In bijlage laat ik u de lijst geworden met de erkenningscommissies van geneesheren – specialisten. Van de 32 bestaande erkenningscommissies voor de specialismen uit het Koninklijk besluit van 25 november 1991 houdende de lijst van bijzondere beroepstitels voorbehouden aan de beoefenaars van de geneeskunde met inbegrip van de tandheelkunde die over een erkenningscommissie beschikken zijn er vandaag 18.02.2013 nog slechts 4 die binnen de voorziene tijdsduur zijn samengesteld.

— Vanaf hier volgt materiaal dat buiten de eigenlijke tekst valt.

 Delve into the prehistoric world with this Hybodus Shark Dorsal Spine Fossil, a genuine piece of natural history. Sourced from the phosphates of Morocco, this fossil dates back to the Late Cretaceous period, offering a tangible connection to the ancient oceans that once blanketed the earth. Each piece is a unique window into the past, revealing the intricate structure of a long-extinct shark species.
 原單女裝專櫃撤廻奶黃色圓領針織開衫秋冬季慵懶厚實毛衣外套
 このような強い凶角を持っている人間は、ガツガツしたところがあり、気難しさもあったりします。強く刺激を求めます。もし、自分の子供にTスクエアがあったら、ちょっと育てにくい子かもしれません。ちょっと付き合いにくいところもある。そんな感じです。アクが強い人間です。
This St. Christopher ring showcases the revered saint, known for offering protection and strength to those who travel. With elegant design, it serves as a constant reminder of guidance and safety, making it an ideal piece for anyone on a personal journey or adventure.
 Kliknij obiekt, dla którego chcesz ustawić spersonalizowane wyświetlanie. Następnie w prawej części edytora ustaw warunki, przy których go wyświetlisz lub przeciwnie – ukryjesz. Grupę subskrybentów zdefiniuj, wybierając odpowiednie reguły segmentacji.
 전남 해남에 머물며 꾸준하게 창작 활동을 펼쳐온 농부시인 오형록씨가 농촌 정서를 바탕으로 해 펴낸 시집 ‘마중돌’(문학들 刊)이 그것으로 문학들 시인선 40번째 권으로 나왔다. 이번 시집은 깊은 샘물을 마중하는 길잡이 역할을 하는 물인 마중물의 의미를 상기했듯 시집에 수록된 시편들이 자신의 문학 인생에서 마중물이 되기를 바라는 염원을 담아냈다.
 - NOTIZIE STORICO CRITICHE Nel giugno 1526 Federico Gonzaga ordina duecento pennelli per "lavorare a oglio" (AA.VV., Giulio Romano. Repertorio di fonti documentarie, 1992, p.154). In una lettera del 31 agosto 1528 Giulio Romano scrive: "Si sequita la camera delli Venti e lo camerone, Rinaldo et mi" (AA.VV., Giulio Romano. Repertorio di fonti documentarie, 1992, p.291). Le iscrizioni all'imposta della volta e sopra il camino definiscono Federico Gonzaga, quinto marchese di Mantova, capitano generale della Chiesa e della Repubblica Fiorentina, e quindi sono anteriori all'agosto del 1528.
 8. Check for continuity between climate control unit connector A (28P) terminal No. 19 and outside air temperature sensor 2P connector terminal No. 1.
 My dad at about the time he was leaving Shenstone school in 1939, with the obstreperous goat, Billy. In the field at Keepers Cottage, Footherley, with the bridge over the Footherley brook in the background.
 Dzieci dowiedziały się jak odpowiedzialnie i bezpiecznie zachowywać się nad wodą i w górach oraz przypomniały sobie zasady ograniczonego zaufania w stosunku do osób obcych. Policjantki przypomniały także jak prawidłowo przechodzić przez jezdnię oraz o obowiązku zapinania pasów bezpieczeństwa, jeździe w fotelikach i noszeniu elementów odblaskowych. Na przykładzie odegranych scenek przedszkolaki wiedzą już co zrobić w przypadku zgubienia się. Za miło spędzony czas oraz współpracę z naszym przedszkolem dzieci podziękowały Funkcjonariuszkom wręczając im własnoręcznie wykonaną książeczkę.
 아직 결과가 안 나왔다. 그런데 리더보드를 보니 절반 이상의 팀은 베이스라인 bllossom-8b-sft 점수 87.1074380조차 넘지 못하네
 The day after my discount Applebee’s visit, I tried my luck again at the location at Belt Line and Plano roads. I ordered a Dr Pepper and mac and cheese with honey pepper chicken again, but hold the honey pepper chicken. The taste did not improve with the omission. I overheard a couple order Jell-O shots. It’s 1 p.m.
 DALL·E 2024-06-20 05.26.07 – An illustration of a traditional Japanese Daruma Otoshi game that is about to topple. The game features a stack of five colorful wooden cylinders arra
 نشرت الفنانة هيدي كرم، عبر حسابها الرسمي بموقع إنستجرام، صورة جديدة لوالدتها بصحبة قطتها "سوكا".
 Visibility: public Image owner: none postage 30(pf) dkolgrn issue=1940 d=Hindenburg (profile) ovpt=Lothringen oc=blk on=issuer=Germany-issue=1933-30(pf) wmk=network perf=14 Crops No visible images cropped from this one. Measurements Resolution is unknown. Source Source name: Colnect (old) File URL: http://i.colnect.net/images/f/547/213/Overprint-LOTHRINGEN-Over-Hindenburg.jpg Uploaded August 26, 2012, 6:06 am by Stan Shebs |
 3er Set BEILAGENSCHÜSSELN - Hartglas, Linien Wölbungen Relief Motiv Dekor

Geachte Premier, Mevrouw de Minister, 

 

Betreft: werking FOD Volksgezondheid – Erkenning specialisten 

 

In bijlage laat ik u de lijst geworden met de erkenningscommissies van geneesheren – specialisten. Van de 32 bestaande erkenningscommissies voor de specialismen uit het Koninklijk besluit van 25 november 1991 houdende de lijst van bijzondere beroepstitels voorbehouden aan de beoefenaars van de geneeskunde met inbegrip van de tandheelkunde die over een erkenningscommissie beschikken zijn er vandaag 18.02.2013 nog slechts 4 die binnen de voorziene tijdsduur zijn samengesteld:

- Medische oncologie (tot 16.06.2013);

- Intensieve zorg (tot 16.06.2013);

- Urgentiegeneeskunde (tot 13.10.2013);

- Verzekeringsgeneeskunde (tot 13.11.2013).

 

Bij de 28 andere erkenningscommissies is de termijn van hernieuwing van de mandaten al geruime tijd overschreden:

- 4 jaar voor het Beheer van gezondheidsgegevens en voor Revalidatie;

- 8 maand voor Geriatrie;

- 5 maand voor de 25 andere bestaande erkenningscommissies. 

 

Het basis Koninklijk besluit van 21.04.1983 tot vaststelling van de nadere regelen voor erkenning van geneesheren-specialisten en van huisartsen heeft gelukkig in zijn artikel 7 §4 voorzien dat: “Zij (de leden van de erkenningscommissies) blijven hun functie waarnemen tot de Minister over de hernieuwing van hun mandaat een beslissing heeft genomen of, in voorkomend geval, tot in hun vervanging is voorzien”. Het overschrijden met maanden tot jaren van de normale wettelijke termijnen voor de hernieuwing is echter niet te verschonen. 

 

In het Belgisch staatblad van 2 februari 2012 liet u het Koninklijk besluit van 28 juni 2011 uitvaardigen tot wijziging van het koninklijk besluit van 21 april 1983 tot vaststelling van de nadere regelen voor erkenning van geneesheren-specialisten en van huisartsen tot oprichting van erkenningscommissies voor de bijzondere beroepstitels voorbehouden aan de houders van een master in de geneeskunde of van de academische graad van arts die reeds houder zijn van een bijzondere beroepstitel. 

 

Dit Koninklijk besluit is onuitvoerbaar of kan alleen tot ongewenste effecten leiden. De auteur, de Heer Xavier Van Cauter, stelde het in 2011 op toen hij nog werkzaam was op de administratie van de FOD Volksgezondheid. Als lid van de Hoge Raad voor geneesheren- specialisten en huisartsen bracht ik op 8 februari 2012 in een gesprek onder vier ogen Dr. Dirk Cuypers, voorzitter van de Hoge raad, op de hoogte van de problemen die dit KB zou meebrengen. Hij was verast, want hij wist niet dat zijn (toen nog) medewerker, de Heer Xavier Van Cauter, dit Koninklijk besluit had geredigeerd en door u, Mevrouw Onkelinx, had laten publiceren.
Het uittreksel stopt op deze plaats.